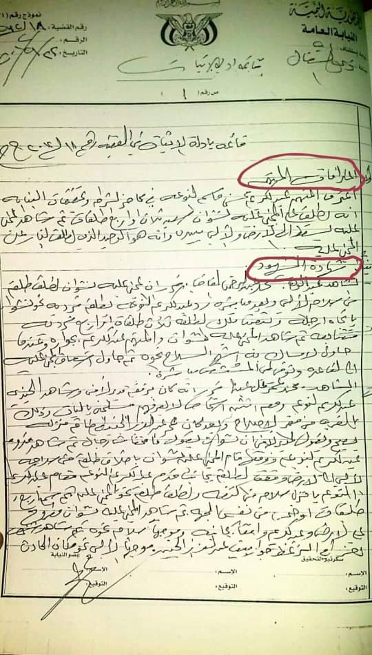 الوثيقة تشير في مطلعها إلى أن "المتهم عبدالكريم محسن النوعة اعترف في محاضر الشرطة وتحقيقات النيابة أنه أطلق على المجني عليه نشوان سعيد ثلاث أو أربع طلقات ثم شاهد المجني عليه يسقط إلى الأرض، وأنه الوحيد الذي أطلق النار على المجني عليه".
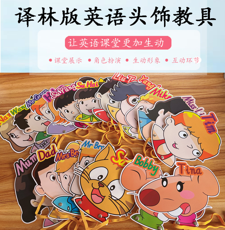 Su Teach Edition Oxford Translation Lin Prints Primary School English Characters Headwear Audition Classroom Performance Lesson Mask Teaching Aids
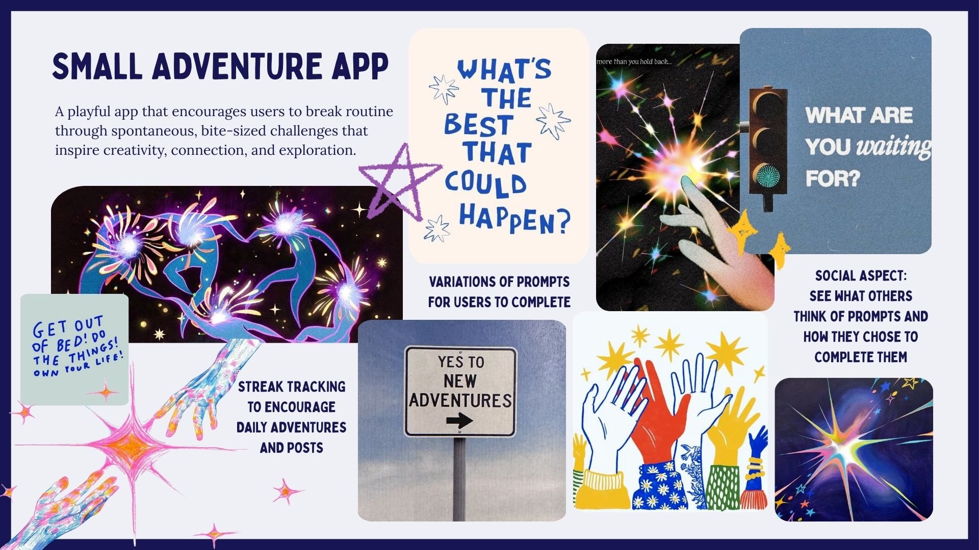 A playful micro-adventure app that encourages creatives to break routine through spontaneous, bite-sized challenges that inspire creativity, connection, and exploration.
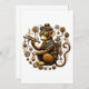 Un singe d'inspiration steampunk habillé d'une tenue mécanique complexe. Le singe porte des lunettes, un gilet et un petit chapeau, tout en tenant un dispositif mécanique complexe ressemblant à un pistolet à rayons. Il est entouré de engrenages, de tuyaux et d'autres éléments industriels, créant une esthétique vapeur riche et détaillée. Les tons dorés des pièces mécaniques contrastent avec la fourrure naturelle, mélangeant des thèmes organiques et mécaniques.
# # # # #
How to complete this task:
What the answer needs is every line from the one containing "A playful micro-adventure" through the final line of the data above, copied exactly, without pictures.

Written response:
 A playful micro-adventure app that encourages creatives to break routine through spontaneous, bite-sized challenges that inspire creativity, connection, and exploration.
 Un singe d'inspiration steampunk habillé d'une tenue mécanique complexe. Le singe porte des lunettes, un gilet et un petit chapeau, tout en tenant un dispositif mécanique complexe ressemblant à un pistolet à rayons. Il est entouré de engrenages, de tuyaux et d'autres éléments industriels, créant une esthétique vapeur riche et détaillée. Les tons dorés des pièces mécaniques contrastent avec la fourrure naturelle, mélangeant des thèmes organiques et mécaniques.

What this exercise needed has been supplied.